━━━ Available data

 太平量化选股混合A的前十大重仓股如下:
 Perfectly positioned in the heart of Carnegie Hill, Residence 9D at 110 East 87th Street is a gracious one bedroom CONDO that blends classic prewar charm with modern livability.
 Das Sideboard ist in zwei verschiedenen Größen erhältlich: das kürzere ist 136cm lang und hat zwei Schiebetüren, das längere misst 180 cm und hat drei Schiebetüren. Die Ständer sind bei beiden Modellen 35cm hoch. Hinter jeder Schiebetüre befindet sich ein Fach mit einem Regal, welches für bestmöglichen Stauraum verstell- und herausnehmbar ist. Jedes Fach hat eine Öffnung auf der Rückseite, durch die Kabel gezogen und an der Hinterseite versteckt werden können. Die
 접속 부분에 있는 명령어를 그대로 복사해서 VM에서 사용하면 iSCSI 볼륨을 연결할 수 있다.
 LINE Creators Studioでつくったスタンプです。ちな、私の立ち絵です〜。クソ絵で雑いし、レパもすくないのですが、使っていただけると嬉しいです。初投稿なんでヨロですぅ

━━━━━━
━━━ Available data

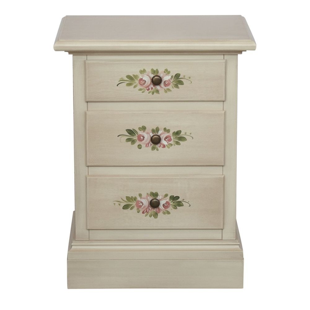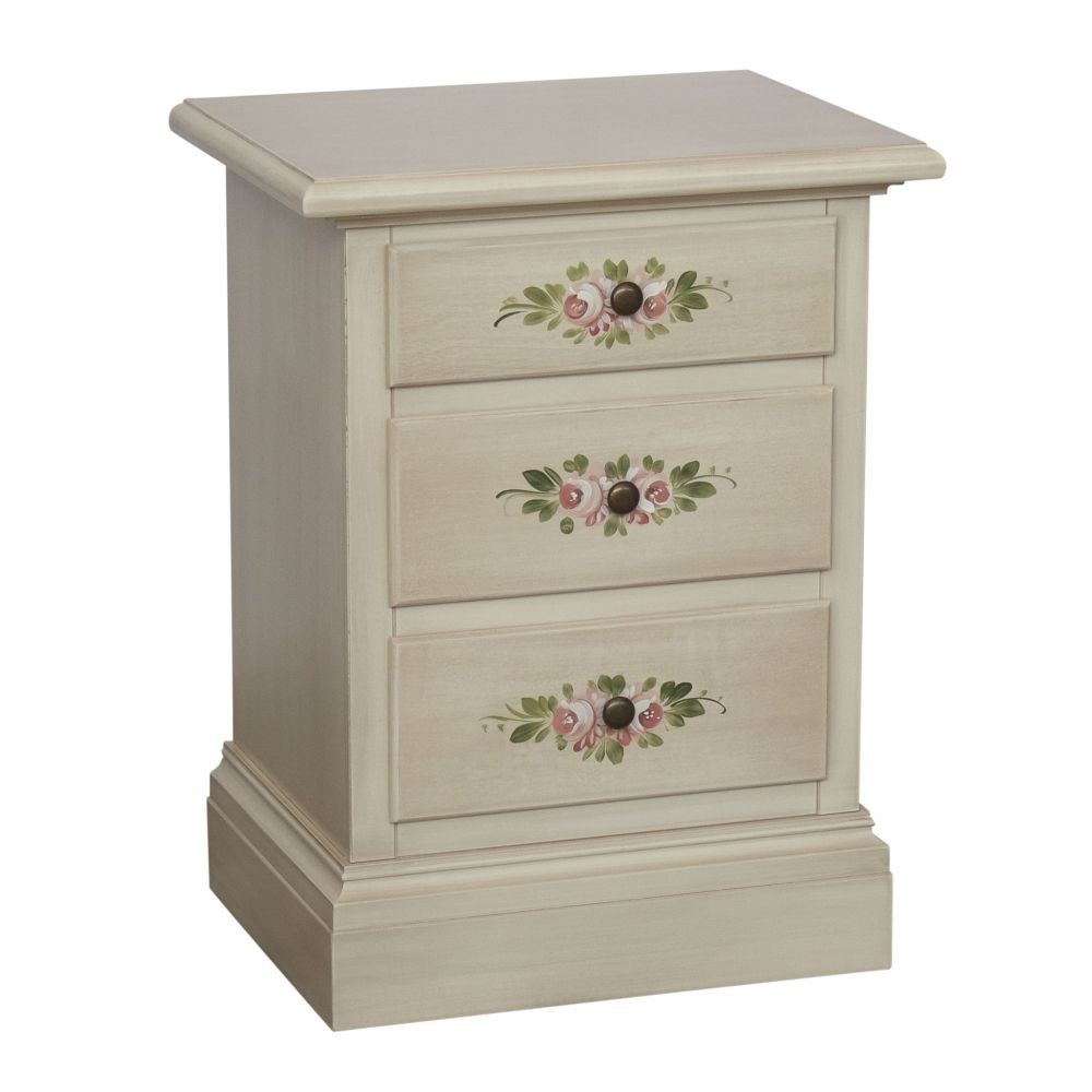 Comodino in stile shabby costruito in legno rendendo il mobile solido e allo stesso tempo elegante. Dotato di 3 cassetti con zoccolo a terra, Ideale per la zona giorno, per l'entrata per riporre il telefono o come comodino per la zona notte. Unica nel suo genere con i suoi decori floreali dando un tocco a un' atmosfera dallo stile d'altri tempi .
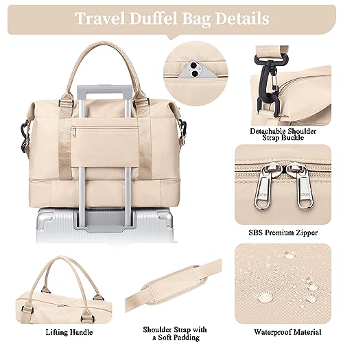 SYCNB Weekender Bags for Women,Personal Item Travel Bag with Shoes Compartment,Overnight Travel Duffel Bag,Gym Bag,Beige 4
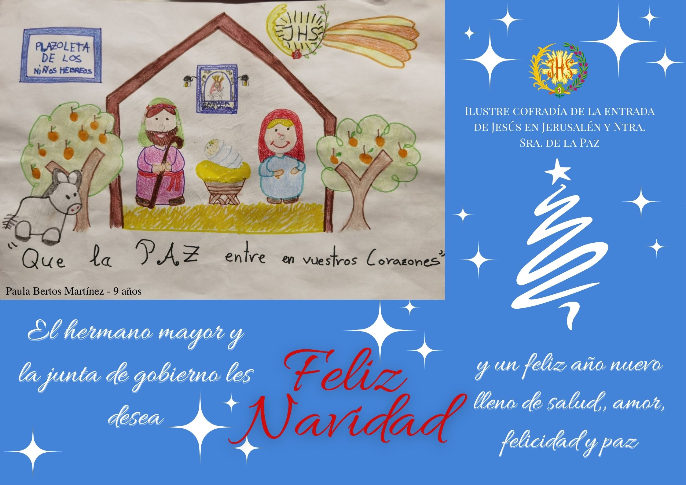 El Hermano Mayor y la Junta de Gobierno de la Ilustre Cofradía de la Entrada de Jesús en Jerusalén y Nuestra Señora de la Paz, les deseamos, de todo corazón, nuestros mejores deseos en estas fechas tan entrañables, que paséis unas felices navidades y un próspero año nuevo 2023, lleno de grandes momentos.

━━━━━━

Instructions to follow: Respond with the exact lines above running from the one containing "SYCNB Weekender Bags" to the one containing "El Hermano Mayor", both ends kept and no pictures included.

Expected answer:
 SYCNB Weekender Bags for Women,Personal Item Travel Bag with Shoes Compartment,Overnight Travel Duffel Bag,Gym Bag,Beige 4
 El Hermano Mayor y la Junta de Gobierno de la Ilustre Cofradía de la Entrada de Jesús en Jerusalén y Nuestra Señora de la Paz, les deseamos, de todo corazón, nuestros mejores deseos en estas fechas tan entrañables, que paséis unas felices navidades y un próspero año nuevo 2023, lleno de grandes momentos.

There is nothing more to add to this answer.